**Your instructions:**
Write out exactly the lines below starting at the one containing "2013. $1350.00, individually" and ending at the one containing "Özel bir restoranda". Omit every picture.

-- Supplied data follows --

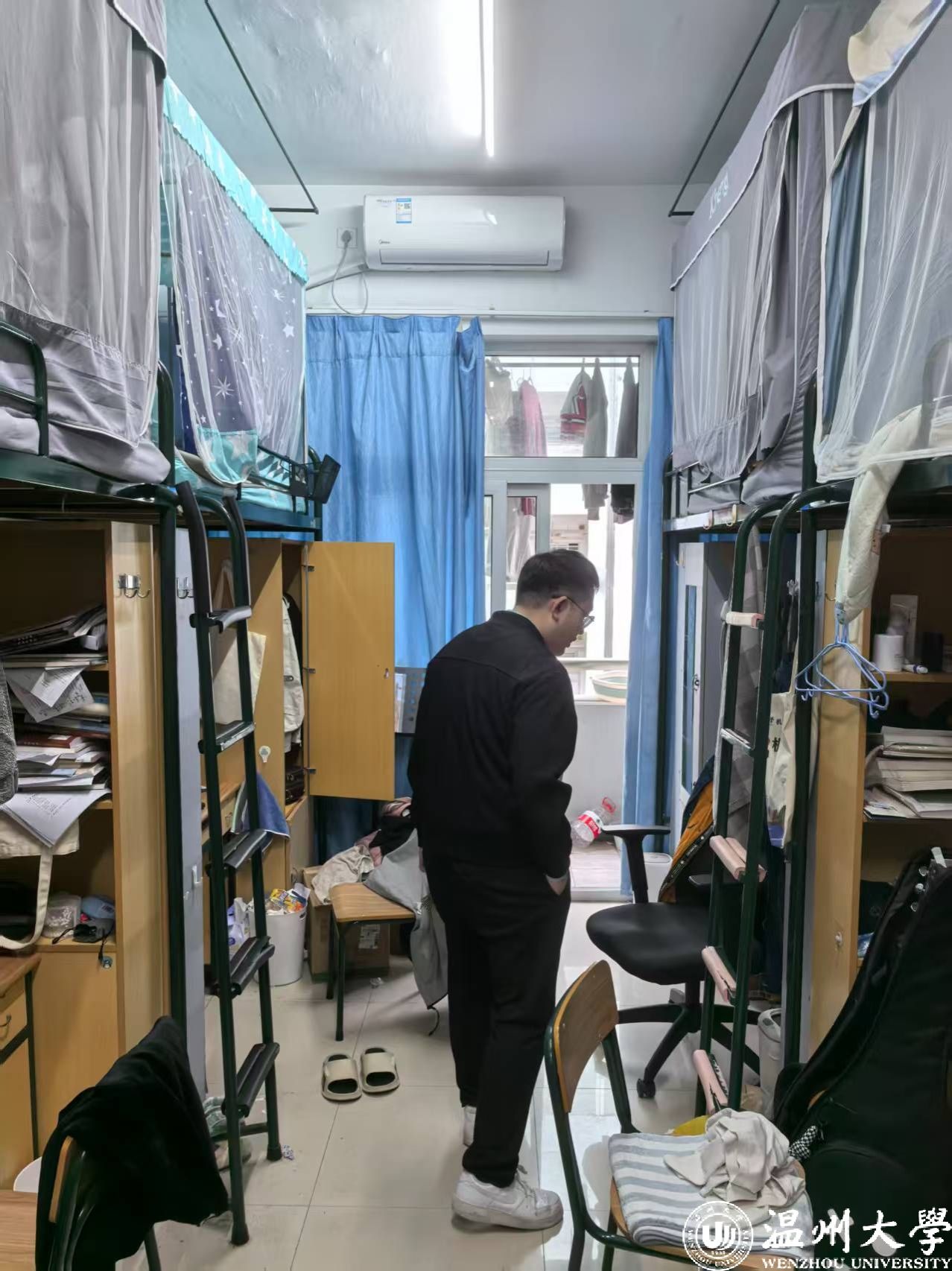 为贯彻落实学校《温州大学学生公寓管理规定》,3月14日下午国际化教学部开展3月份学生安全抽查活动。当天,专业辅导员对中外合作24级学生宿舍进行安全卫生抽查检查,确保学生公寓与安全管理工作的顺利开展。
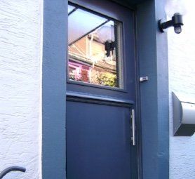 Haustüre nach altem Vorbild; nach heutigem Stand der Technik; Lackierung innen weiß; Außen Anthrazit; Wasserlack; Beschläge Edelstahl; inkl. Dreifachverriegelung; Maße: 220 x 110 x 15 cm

-- Supplied data concluded --
-- Supplied data follows --

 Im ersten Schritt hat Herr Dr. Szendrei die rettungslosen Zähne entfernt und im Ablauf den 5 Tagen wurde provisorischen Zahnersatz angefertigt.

-- Supplied data concluded --
-- Supplied data follows --

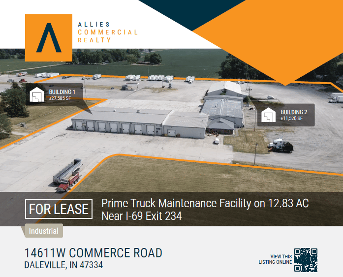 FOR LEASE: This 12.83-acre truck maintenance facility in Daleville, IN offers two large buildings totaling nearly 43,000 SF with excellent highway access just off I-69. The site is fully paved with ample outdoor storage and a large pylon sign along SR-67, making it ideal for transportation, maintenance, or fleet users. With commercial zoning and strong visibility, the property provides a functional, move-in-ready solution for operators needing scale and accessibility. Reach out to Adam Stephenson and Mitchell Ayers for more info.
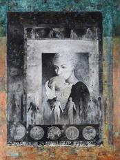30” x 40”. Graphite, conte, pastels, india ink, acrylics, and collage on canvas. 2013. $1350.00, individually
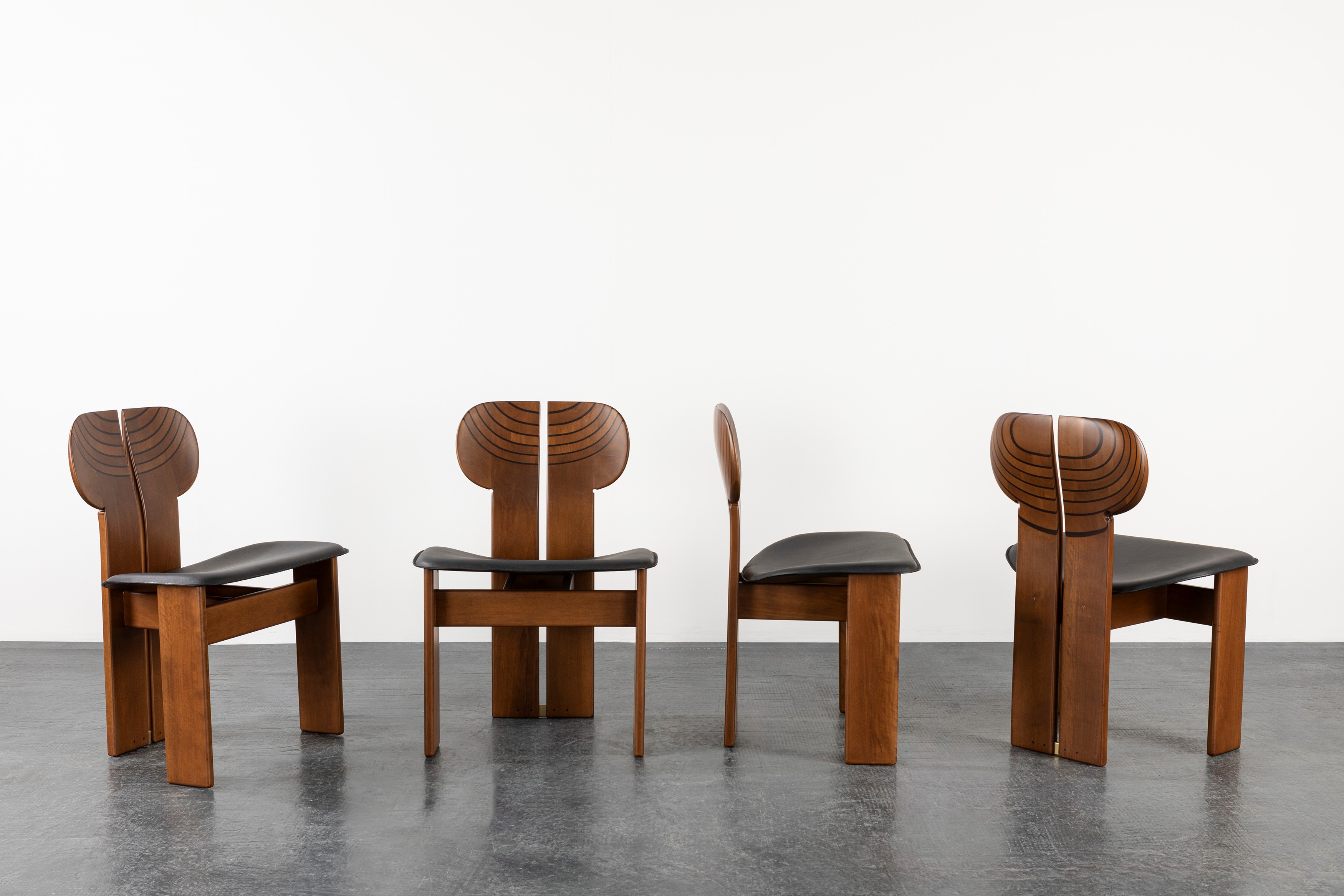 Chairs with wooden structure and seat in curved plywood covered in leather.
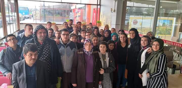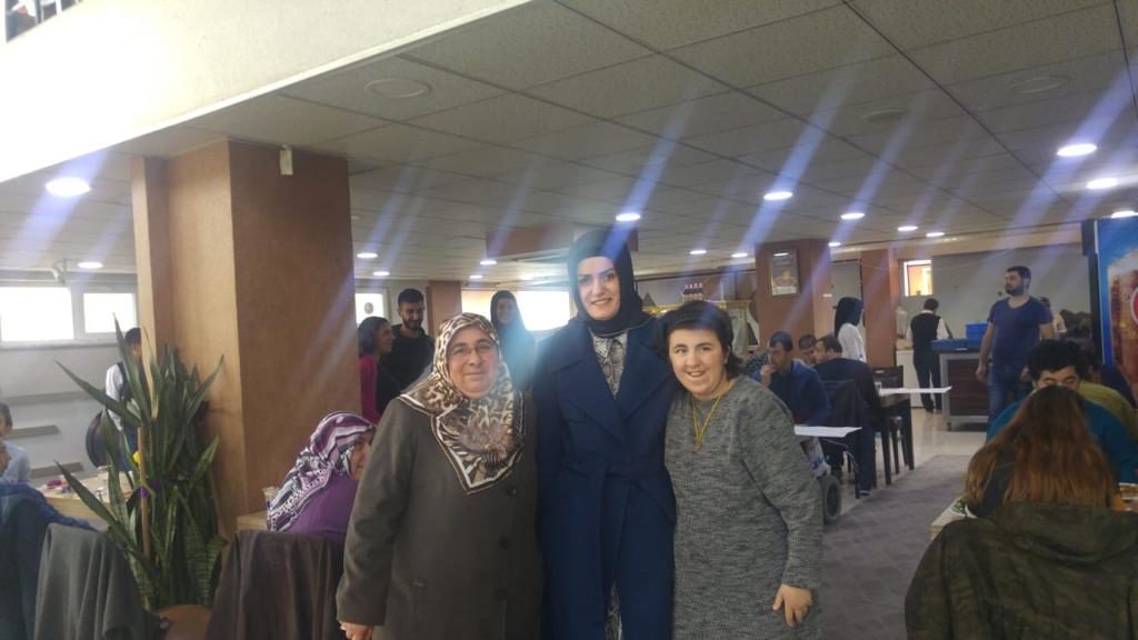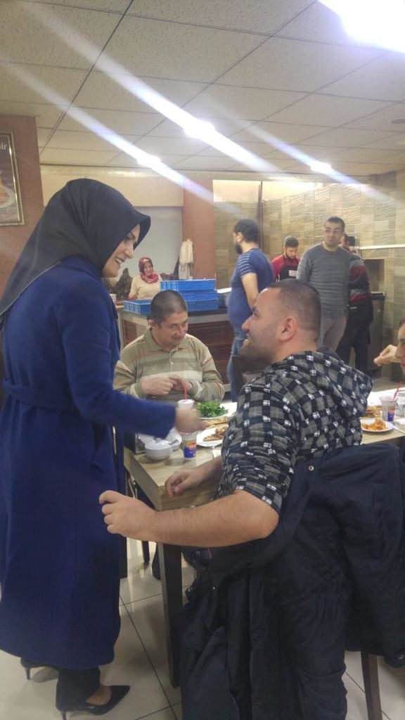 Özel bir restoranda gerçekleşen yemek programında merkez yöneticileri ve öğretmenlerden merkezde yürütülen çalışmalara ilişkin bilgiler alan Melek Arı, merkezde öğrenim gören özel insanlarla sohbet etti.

-- Supplied data concluded --

**Result:**
30” x 40”. Graphite, conte, pastels, india ink, acrylics, and collage on canvas. 2013. $1350.00, individually
 Chairs with wooden structure and seat in curved plywood covered in leather.
 Özel bir restoranda gerçekleşen yemek programında merkez yöneticileri ve öğretmenlerden merkezde yürütülen çalışmalara ilişkin bilgiler alan Melek Arı, merkezde öğrenim gören özel insanlarla sohbet etti.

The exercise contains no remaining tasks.